AIM OF THE EXERCISE:
The expected response is the full listing, retyped exactly, without its images.

RECORDS SHOWN:
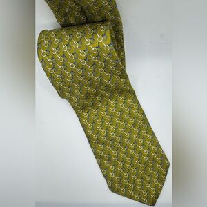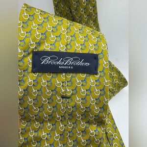 Brooks Brothers Makers 100% Silk Neck Tie Blue Geometric on Green 60"x4"EUC
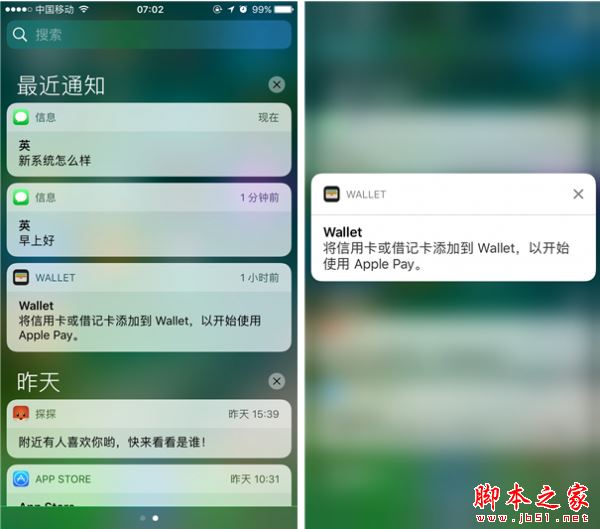 iOS 10可以说最大限度地利用了3D Touch功能,使用3D Touch按压任意一条通知可直接对其进行回复或处理,处理完毕会自动在通知页面删除该通知,如此一来就不用像原来那样来回倒腾查看和回复信息了。在主页面中下滑同样还是Spotlight搜索,Spotlight 现可针对中文和日文提供动态搜索结果。
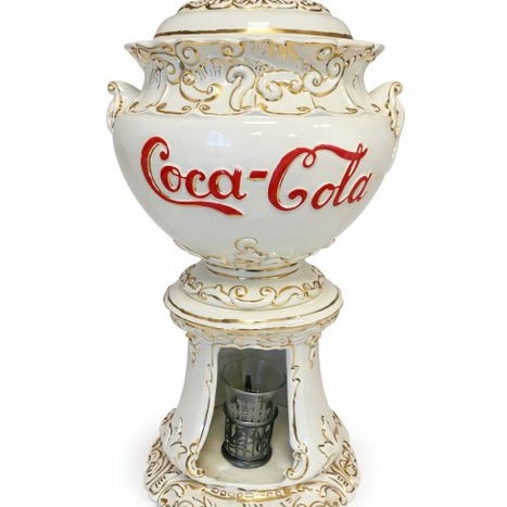 Autentisk støbejernsmold Coca-Cola-flaske fra USA, dateret 1930–1940, 22 cm høj, 18,2 cm bred, 18 cm dyb, vejer 24 kg, brugt med aldersrelaterede slidmærker og med originale formblokke og base. Klik på den blå "gå til varen" knap, for at købe eller byde på denne vare. Den samlede pris vil blive vist inden du afgiver dit bud.
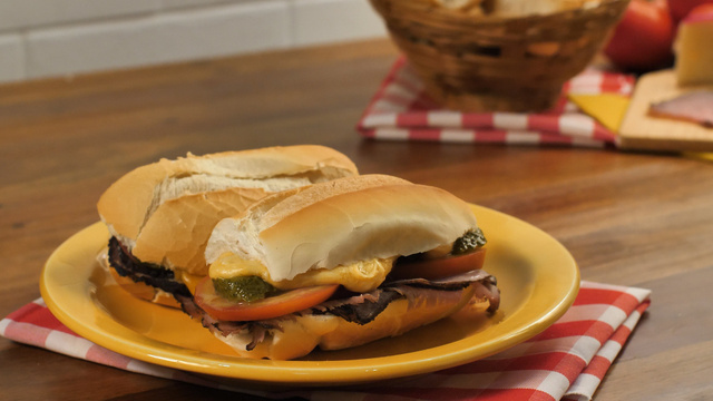 Coloque imediatamente na metade do pão sem miolo e feche com a outra metade com o rosbife.
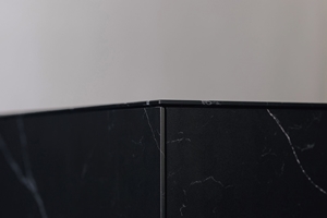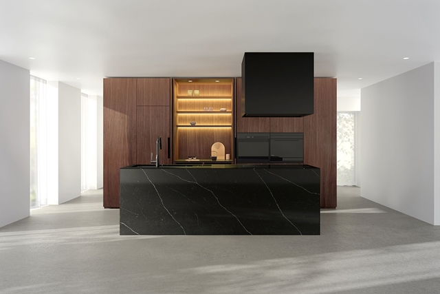 「キッチンは使わない時間の方が長い。だからこそ、その使わない時間のキッチンにはインテリア性が必要。極限まで要素を削ぎ落し、シンプルで美しい佇まいは、まるで”彫刻のようなシルエット”。まさにインテリア家具として存在する」(パナソニック担当者)というキッチンは、扉の柄をつなげることで「面」としての美しさを引き出した。隅やフチも端正に納め、機器も空間に溶け込むようにビルトインした。また作業性や清掃性とも両立。作業スペースには一段下がったデッキ部を設け、水が広がらずに快適に調理や清掃ができるよう設計した。
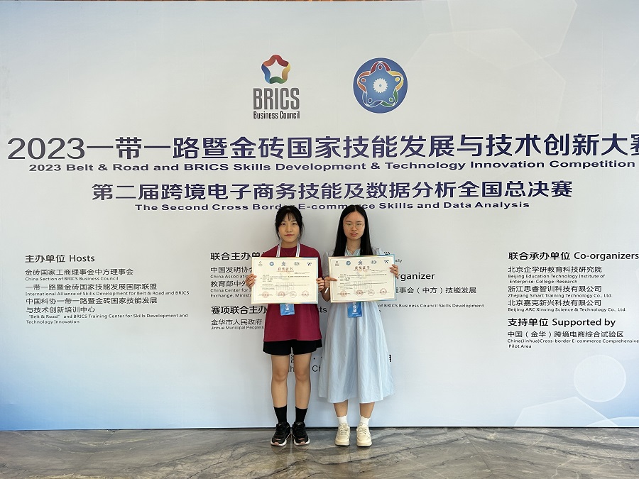 8月8日至11日,2023一带一路暨金砖国家技能发展与技术创新大赛之第二届跨境电子商务技能及数据分析赛项本科组全国总决赛在浙江金华举行。本次大赛由金砖国家工商理事会中方理事会、一带一路暨金砖国家技能发展国际联盟、中国科协一带一路暨金砖国家技能发展与技术创新培训中心、中国发明协会、教育部中外人文交流中心、金华市人民政府、浙江师范大学联合主办,金砖国家工商理事会(中方)技能发展工作组承办,北京企学研教育科技研究院、浙江思睿智训科技有限公司、北京嘉克兴科技有限公司联合承办,中国(金华)跨境电商综合试验区支持。经过连续两日的激烈角逐,由公司员工杨书燕、梁坚红组成的参赛团队在温漫鸿、周倜两位老师的指导下顺利通过数据分析及报告撰写环节晋级现场答辩赛,并最终获得三等奖的优异成绩。
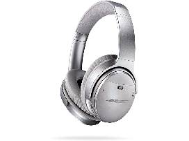 Included is a new set of wireless Bose Quiet Comfort 35 noise cancelling headphones in silver.
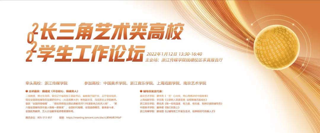 1月12日下午,由浙江传媒学院发起、上海戏剧学院、南京艺术学院、中国美术学院、浙江音乐学院等高校参加的2022长三角艺术类高校学生工作论坛通过网络形式举行。我校全体辅导员参加论坛,舞台美术系李宗禹老师代表我校辅导员进行了交流发言。
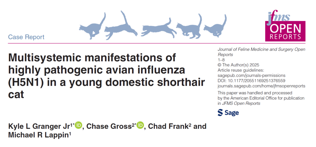 文献来源:Granger KL Jr, Gross C, Frank C, Lappin MR. Multisystemic manifestations of highly pathogenic avian influenza (H5N1) in a young domestic shorthair cat. JFMS Open Rep. 2025 Nov 11;11(2):20551169251376559.
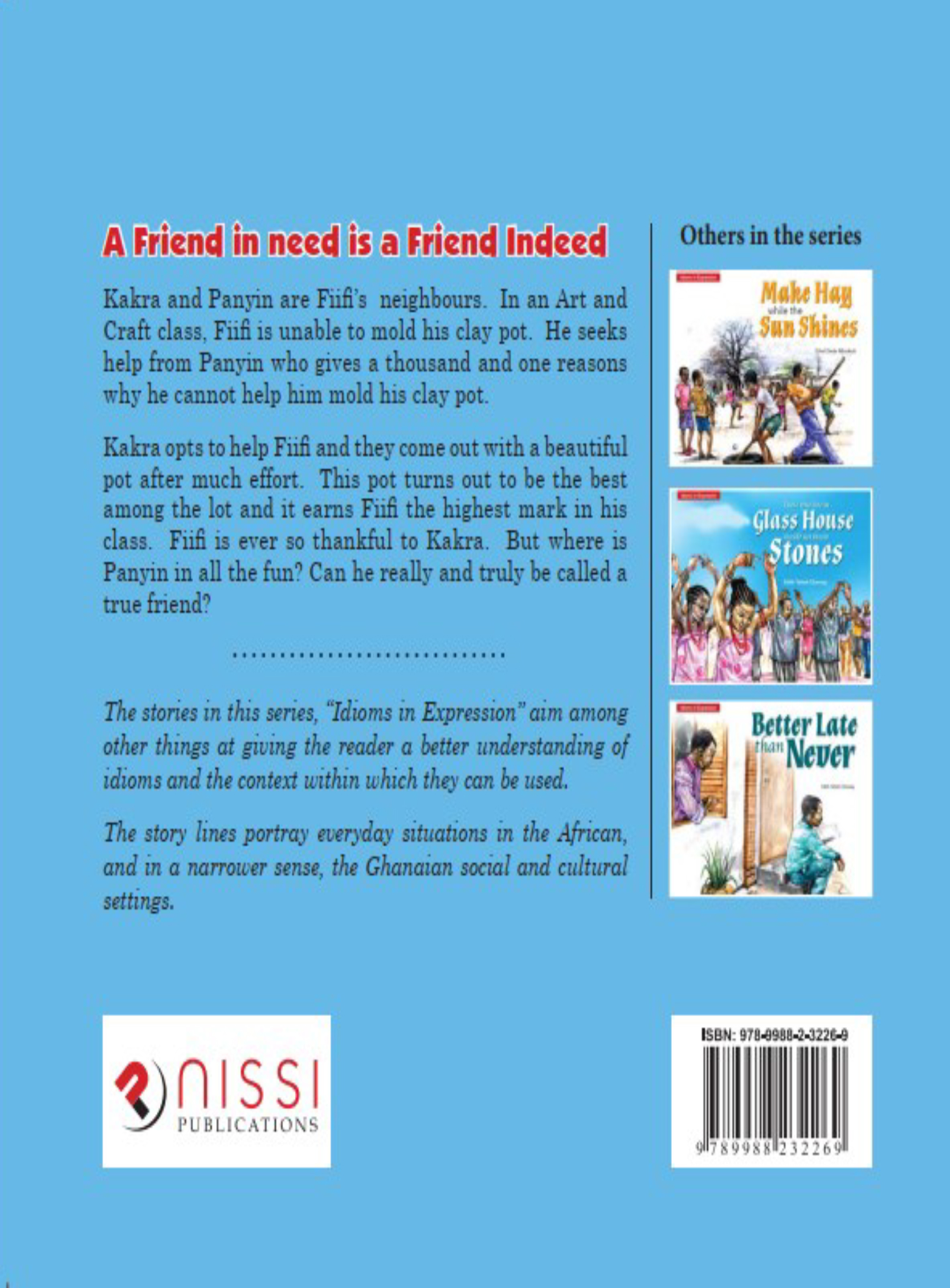 Fiifi and his two friends, Kakra and Panyin are neighbours. In an Art and Craft class, Fiifi cannot mold his clay pot. He asks Panyin to help him complete his art work over the weekend, but Panyin gives a thousand and one reasons why he cannot help.
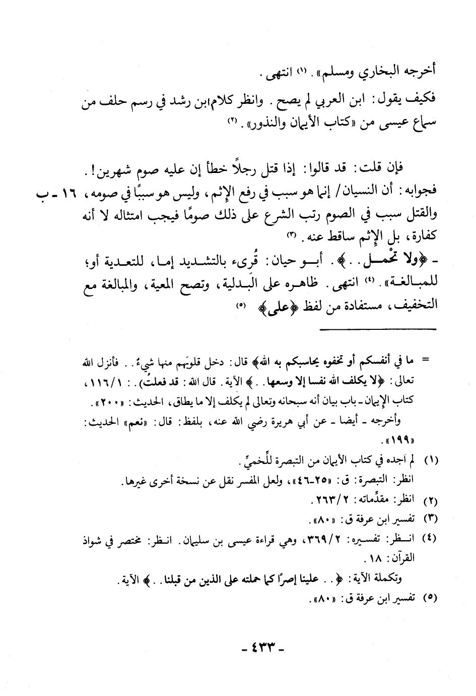 - (ولا تحْمل. .). أبو حيان: قُرئ بالتشديد إما، للتعدية أو للمبالغة ". انتهى. ظاهره على الَبدلية، وتصح المعية، والمبالغة مع التخفيف، مستفادة من لفظ (على)
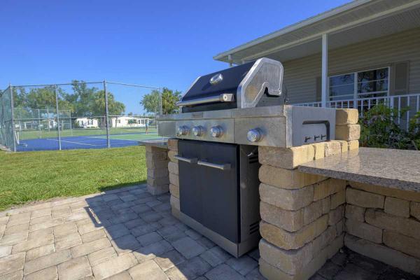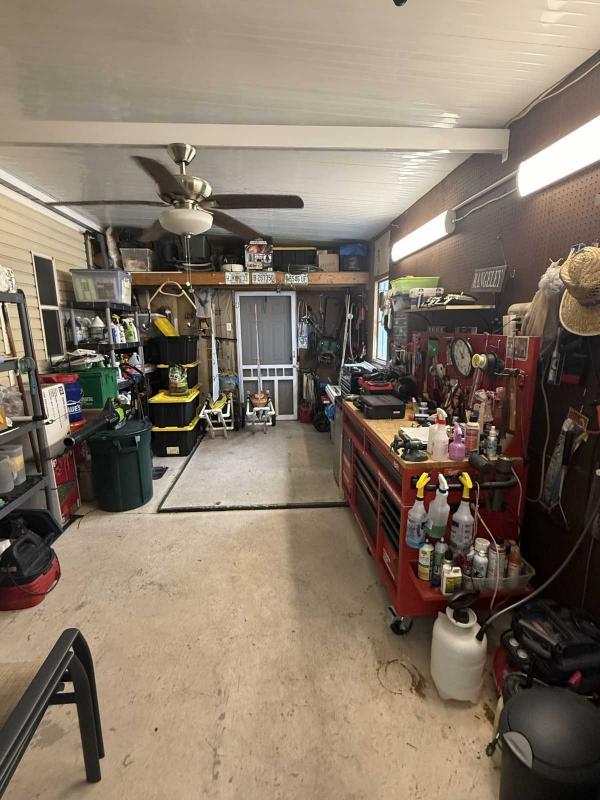 This home has it ALL! The first thing you notice when you enter this furnished home is the beautiful, remodeled kitchen with stainless steel appliances, granite counter tops and the beautiful waterproof LVT flooring throughout the home. The interior has been painted, Thermopane windows installed with shutters, insulated rubber roof with a transferable lifetime warranty, new water heater and the air conditioner still has a 3 year warranty. The A/C duct work was replaced in 2018. This home features a lovely all-season lanai that has new windows (2023), roll up blinds, insulated roof and a mini split air conditioner / heater. The large master bedroom features an en-suite bathroom. The guest room has a murphy bed and the guest bathroom has been completely remodeled. The outside of the home has also been upgraded with a beautifully landscaped yard, and cobblestone painted driveway. The oversized shed is any mans dream. This work shed has been completely insulated and has a window air conditioner for comfort all year. The double doors would allow you to park a golf cart inside the shed. All of this and more for only $136,500!!
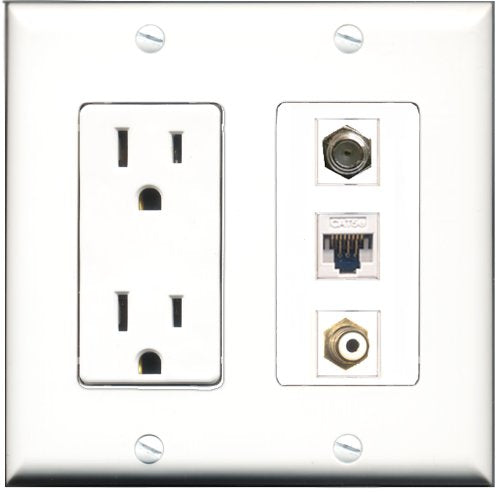 RiteAV - 15 Amp Power Outlet 1 Port RCA White 1 Port Coax 1 Port Cat5e Ethernet White Decorative Wall Plate
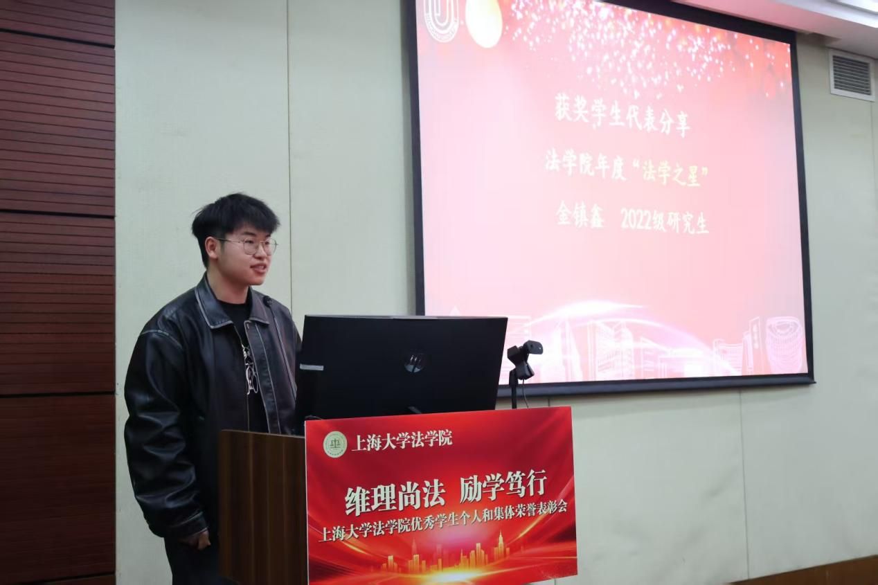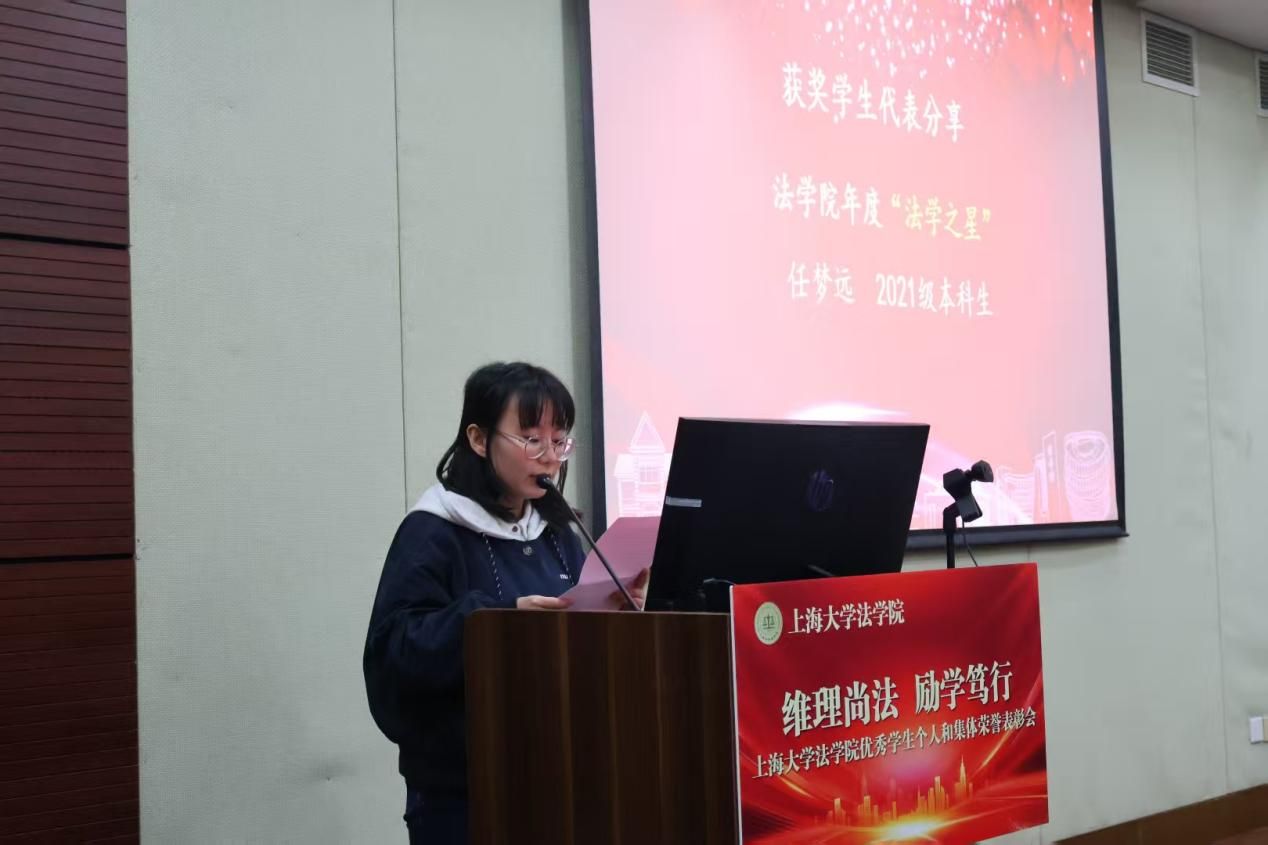 颁奖仪式结束后,两位法学院年度“法学之星”上台分享自身感悟。法学院2021级本科生任梦远向一直以来辛勤付出的老师们以及共同成长的同学们表示最衷心的感谢,同时也感谢法学院为大家提供的相当多的平台与机会。她回顾了本科参加的许多比赛与学术论坛,鼓励大家不要只着眼于眼前利益,应该勇于应对挑战,说不定会获得新的机遇,并在最后用“取法乎上,得乎其中;取法乎中,得乎其下”与大家共勉。

ANSWER BOX:
 Brooks Brothers Makers 100% Silk Neck Tie Blue Geometric on Green 60"x4"EUC
 iOS 10可以说最大限度地利用了3D Touch功能,使用3D Touch按压任意一条通知可直接对其进行回复或处理,处理完毕会自动在通知页面删除该通知,如此一来就不用像原来那样来回倒腾查看和回复信息了。在主页面中下滑同样还是Spotlight搜索,Spotlight 现可针对中文和日文提供动态搜索结果。
 Autentisk støbejernsmold Coca-Cola-flaske fra USA, dateret 1930–1940, 22 cm høj, 18,2 cm bred, 18 cm dyb, vejer 24 kg, brugt med aldersrelaterede slidmærker og med originale formblokke og base. Klik på den blå "gå til varen" knap, for at købe eller byde på denne vare. Den samlede pris vil blive vist inden du afgiver dit bud.
 Coloque imediatamente na metade do pão sem miolo e feche com a outra metade com o rosbife.
 「キッチンは使わない時間の方が長い。だからこそ、その使わない時間のキッチンにはインテリア性が必要。極限まで要素を削ぎ落し、シンプルで美しい佇まいは、まるで”彫刻のようなシルエット”。まさにインテリア家具として存在する」(パナソニック担当者)というキッチンは、扉の柄をつなげることで「面」としての美しさを引き出した。隅やフチも端正に納め、機器も空間に溶け込むようにビルトインした。また作業性や清掃性とも両立。作業スペースには一段下がったデッキ部を設け、水が広がらずに快適に調理や清掃ができるよう設計した。
 8月8日至11日,2023一带一路暨金砖国家技能发展与技术创新大赛之第二届跨境电子商务技能及数据分析赛项本科组全国总决赛在浙江金华举行。本次大赛由金砖国家工商理事会中方理事会、一带一路暨金砖国家技能发展国际联盟、中国科协一带一路暨金砖国家技能发展与技术创新培训中心、中国发明协会、教育部中外人文交流中心、金华市人民政府、浙江师范大学联合主办,金砖国家工商理事会(中方)技能发展工作组承办,北京企学研教育科技研究院、浙江思睿智训科技有限公司、北京嘉克兴科技有限公司联合承办,中国(金华)跨境电商综合试验区支持。经过连续两日的激烈角逐,由公司员工杨书燕、梁坚红组成的参赛团队在温漫鸿、周倜两位老师的指导下顺利通过数据分析及报告撰写环节晋级现场答辩赛,并最终获得三等奖的优异成绩。
 Included is a new set of wireless Bose Quiet Comfort 35 noise cancelling headphones in silver.
 1月12日下午,由浙江传媒学院发起、上海戏剧学院、南京艺术学院、中国美术学院、浙江音乐学院等高校参加的2022长三角艺术类高校学生工作论坛通过网络形式举行。我校全体辅导员参加论坛,舞台美术系李宗禹老师代表我校辅导员进行了交流发言。
 文献来源:Granger KL Jr, Gross C, Frank C, Lappin MR. Multisystemic manifestations of highly pathogenic avian influenza (H5N1) in a young domestic shorthair cat. JFMS Open Rep. 2025 Nov 11;11(2):20551169251376559.
 Fiifi and his two friends, Kakra and Panyin are neighbours. In an Art and Craft class, Fiifi cannot mold his clay pot. He asks Panyin to help him complete his art work over the weekend, but Panyin gives a thousand and one reasons why he cannot help.
 - (ولا تحْمل. .). أبو حيان: قُرئ بالتشديد إما، للتعدية أو للمبالغة ". انتهى. ظاهره على الَبدلية، وتصح المعية، والمبالغة مع التخفيف، مستفادة من لفظ (على)
 This home has it ALL! The first thing you notice when you enter this furnished home is the beautiful, remodeled kitchen with stainless steel appliances, granite counter tops and the beautiful waterproof LVT flooring throughout the home. The interior has been painted, Thermopane windows installed with shutters, insulated rubber roof with a transferable lifetime warranty, new water heater and the air conditioner still has a 3 year warranty. The A/C duct work was replaced in 2018. This home features a lovely all-season lanai that has new windows (2023), roll up blinds, insulated roof and a mini split air conditioner / heater. The large master bedroom features an en-suite bathroom. The guest room has a murphy bed and the guest bathroom has been completely remodeled. The outside of the home has also been upgraded with a beautifully landscaped yard, and cobblestone painted driveway. The oversized shed is any mans dream. This work shed has been completely insulated and has a window air conditioner for comfort all year. The double doors would allow you to park a golf cart inside the shed. All of this and more for only $136,500!!
 RiteAV - 15 Amp Power Outlet 1 Port RCA White 1 Port Coax 1 Port Cat5e Ethernet White Decorative Wall Plate
 颁奖仪式结束后,两位法学院年度“法学之星”上台分享自身感悟。法学院2021级本科生任梦远向一直以来辛勤付出的老师们以及共同成长的同学们表示最衷心的感谢,同时也感谢法学院为大家提供的相当多的平台与机会。她回顾了本科参加的许多比赛与学术论坛,鼓励大家不要只着眼于眼前利益,应该勇于应对挑战,说不定会获得新的机遇,并在最后用“取法乎上,得乎其中;取法乎中,得乎其下”与大家共勉。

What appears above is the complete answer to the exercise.